Middle East Studies teach-in deconstructs the coup and the future of democracy in Turkey

September 16, 2016

It’s clear that the Brown community relishes extracurricular intellectual engagements: Before the Middle East Studies’ teach-in, “The Coup, the Purge, and the Future of Democracy in Turkey” began on Thursday evening, an electric buzz filled List Art 120. Long after the teach-in’s Q&A session concluded, many in the packed auditorium lingered to learn more. “We wanted to bring the panelists’ larger geopolitical and personal perspectives on Turkey’s critically central role and the coup’s impact on Turkish academia to students and faculty,” explained Beshara Doumani, Joukowsky Family Professor of Modern Middle East History and Director of Middle East Studies, who chaired the panel discussion.

Doumani confessed that he is “completely obsessed” by the July 15 coup, “which felt like a big earthquake [jeopardizing Turkish democracy].” That thousands of academicians – university deans and professors and elementary and high school teachers – have been summarily purged from their positions, with no rights to appeal, should concern us here, he said. Too, President Recep Tayyip Erdogen’s message, disseminated on a Turkish journalist’s smartphone Facetime, urging Turks to resist the coup was a turning point. Even two months later, the horrific after-effects of the coup, such as imprisonments and suppression of civil rights, continue. 
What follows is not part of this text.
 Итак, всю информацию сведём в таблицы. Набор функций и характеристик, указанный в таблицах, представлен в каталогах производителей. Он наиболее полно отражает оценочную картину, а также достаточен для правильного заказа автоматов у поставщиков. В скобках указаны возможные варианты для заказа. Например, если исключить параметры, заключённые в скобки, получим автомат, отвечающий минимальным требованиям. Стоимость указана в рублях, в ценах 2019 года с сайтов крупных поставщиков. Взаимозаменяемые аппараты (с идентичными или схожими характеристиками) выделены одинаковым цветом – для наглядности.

Watson Institute Senior Fellow Stephen Kinzer analyzed Turkey’s evolving political alliances through the lens of history. Erdogan’s break with Syrian President Bashar al-Assad, once his close ally, was “a foreign policy based on emotion, [which] is always the enemy of wise statesmanship.” Kinzer recommended the United States “not try to snarl back at Erdogan,” as we can’t afford to lose what he has to offer. 

Concurring, Chas Freeman, also a senior fellow at the Watson Institute, asserted that Turkey is more important to the United States than vice versa, largely because the United States is an irrelevant or a negative factor in Ankara’s exhaustingly complex political decision-making. Nevertheless, U.S.-Turkish relationships will have decisive impacts for decades to come. Given several international developments, Turkey, once considered a model of Islamic democracy, is seen as an atavistic autocracy that has lost it ways, said Freeman.
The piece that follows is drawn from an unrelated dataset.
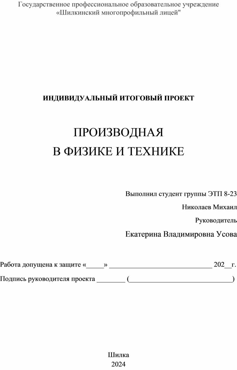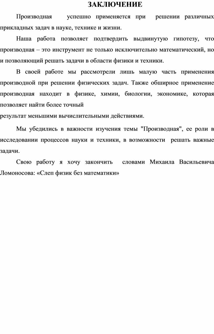 Наша работа позволяет подтвердить выдвинутую гипотезу, что производная – это инструмент не только исключительно математический, но и позволяющий решать задачи в области физики и техники.
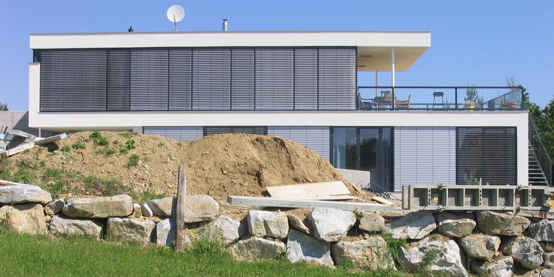Haustechnik/ passive Sonnenenergienutzung durch Grundrisszonierung und Südorientierung/ aktive mit Warmwasserkollektoren zur Brauchwasserwärmung/ Restwärmebedarfsdeckung mit Gasbrennwertkessel in Kombination mit Luftwärmetauscher mit Wärmerückgewinnung und Einzelofen im Wohnraum/ Wärmeverteilung über kontrollierte Raumlüftung und Fußbodenflächenheizung.

Audience members peppered Kinzer, Freeman, and the other panelists – Engin Akarli, Joukowsky Family Distinguished Professor Emeritus of Modern Middle Eastern History; Meltem Toksöz, visiting associate professor in Middle East Studies; and Kutay Onayli ’17 – with questions: Who do you believe was behind the coup? Were you pro- or anti-coup? What does it mean that Germany evacuated its embassy in Ankara? Might Fethullah Gülen [whose movement inspired coup leaders, asserted the Erdogan government] be extradited from the U.S. to Turkey? 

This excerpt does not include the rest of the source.